▸ **DATA**
+ + + + +

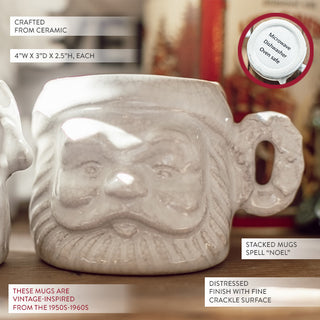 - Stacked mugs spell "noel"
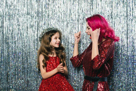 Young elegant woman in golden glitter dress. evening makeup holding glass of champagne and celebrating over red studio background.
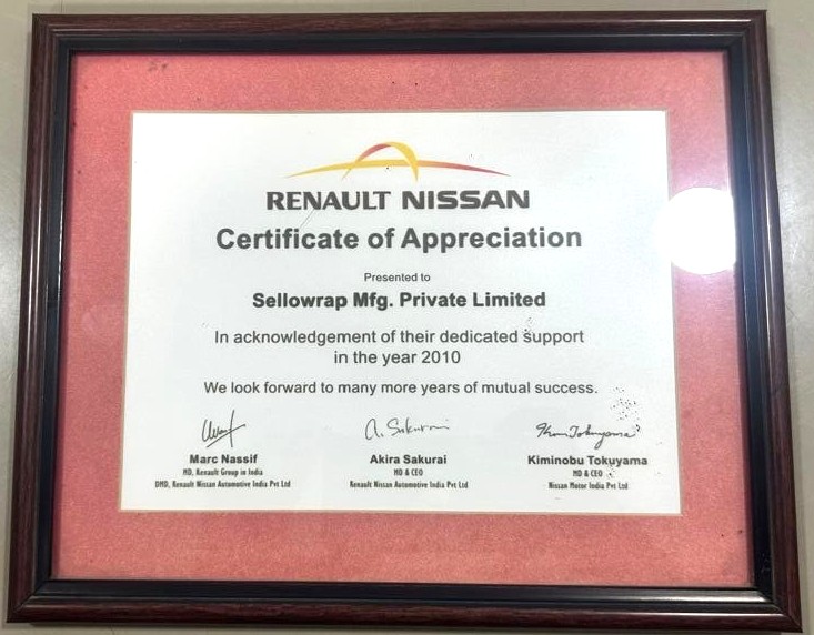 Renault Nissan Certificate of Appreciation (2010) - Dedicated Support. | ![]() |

+ + + + +

▸ **INSTRUCTIONS FOR THE TASK**
Without the pictures, output the full listing exactly as it stands.

▸ **SOLVED EXERCISE**
 - Stacked mugs spell "noel"
 Young elegant woman in golden glitter dress. evening makeup holding glass of champagne and celebrating over red studio background.
 Renault Nissan Certificate of Appreciation (2010) - Dedicated Support. | ![]() |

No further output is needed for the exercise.